Das allerdings ist bestenfalls die halbe Wahrheit. Gemäss Statuten des Nuklearforums sind die «wirtschaftlich leistungsfähigen Kollektivmitglieder, namentlich die Betreiber der Schweizer Kernkraftwerke» verpflichtet, «ausserordentliche Mitgliederbeiträge» zu bezahlen. Dies deckte der «Beobachter» Anfang Oktober auf . Gemäss der Jahresrechnung des Nuklearforums werden demnach vom 3,2-Millionen-Budget mindestens 2,3 Millionen von den AKW-Betreibern bestritten – ohne dass dies irgendwo ausgewiesen ist. Auf die Frage, wie hoch dieser Sonderobolus sei, gaben weder die Schweizer AKW-Betreiber noch das Nuklearforum Auskunft. Nach anfänglichem Schweigen bestätigte die Präsidentin des Nuklearforums wenigstens indirekt, dass das Geld tatsächlich fliesst: «Sie können davon ausgehen, dass unsere Statuten eingehalten werden», erklärte Corina Eichenberger Anfang November am Rand der Branchentagung «nuclea10».

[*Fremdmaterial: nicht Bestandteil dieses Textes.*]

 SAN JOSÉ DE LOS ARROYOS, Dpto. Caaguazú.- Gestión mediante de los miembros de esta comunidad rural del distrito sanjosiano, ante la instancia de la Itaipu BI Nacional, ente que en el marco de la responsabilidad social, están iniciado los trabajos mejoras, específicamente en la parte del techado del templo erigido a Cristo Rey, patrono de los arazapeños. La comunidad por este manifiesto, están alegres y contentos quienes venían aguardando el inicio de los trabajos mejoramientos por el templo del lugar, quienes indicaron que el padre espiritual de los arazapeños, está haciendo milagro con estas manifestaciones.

SP-Politiker Hofmann reicht dies jedoch nicht. Er will die genauen Zahlen über die Lobbyaktivitäten des Stromkonzerns, der zu 52 Prozent dem Kanton Bern gehört. «Hat die BKW, eine ihrer Tochtergesellschaften oder das AKW Mühleberg selbst, neben dem ordentlichen Beitrag (…) von CHF 4’500 in den Jahren 2000 bis heute noch weitere Beiträge an das Nuklearforum entrichtet?», fragt er in einer dringlichen Interpellation, die er am 22. November eingereicht hat. Detailliert verlangt er zudem Auskunft darüber, welche atomfreundlichen Organisationen in den vergangenen Jahren von der BKW unterstützt wurden.

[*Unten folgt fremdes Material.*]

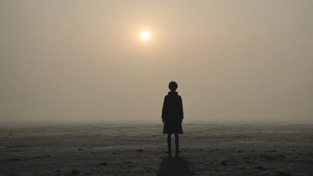 A solitary person in a dark coat stands still on a misty field, surrounded by tall grass and an eerie silence in the early hours of the day.

Hofmann traut auch den Beteuerungen des Stromkonzern nicht, dass im Hinblick auf die konsultative kantonale Abstimmung über ein neues AKW in Mühleberg kein Geld von der BKW in die Kassen der Befürworter fliesst. «Ist die BKW in der letzen Zeit Abstimmungskomitees beigetreten mit dem Ziel, die (…) Abstimmung im Februar 2011 in ihrem Sinne zu beeinflussen? Gibt es Geldspenden an Organisationen, Firmen oder Privatpersonen, die für ein Ja eintreten?», will er wissen.

Falls die Dringlichkeit gewährt wird, muss die Berner Regierung die Interpellation bis spätestens 1. Februar 2011 beantworten. Zwölf Tage später wird im Kanton über das Schicksal von Mühleberg abgestimmt.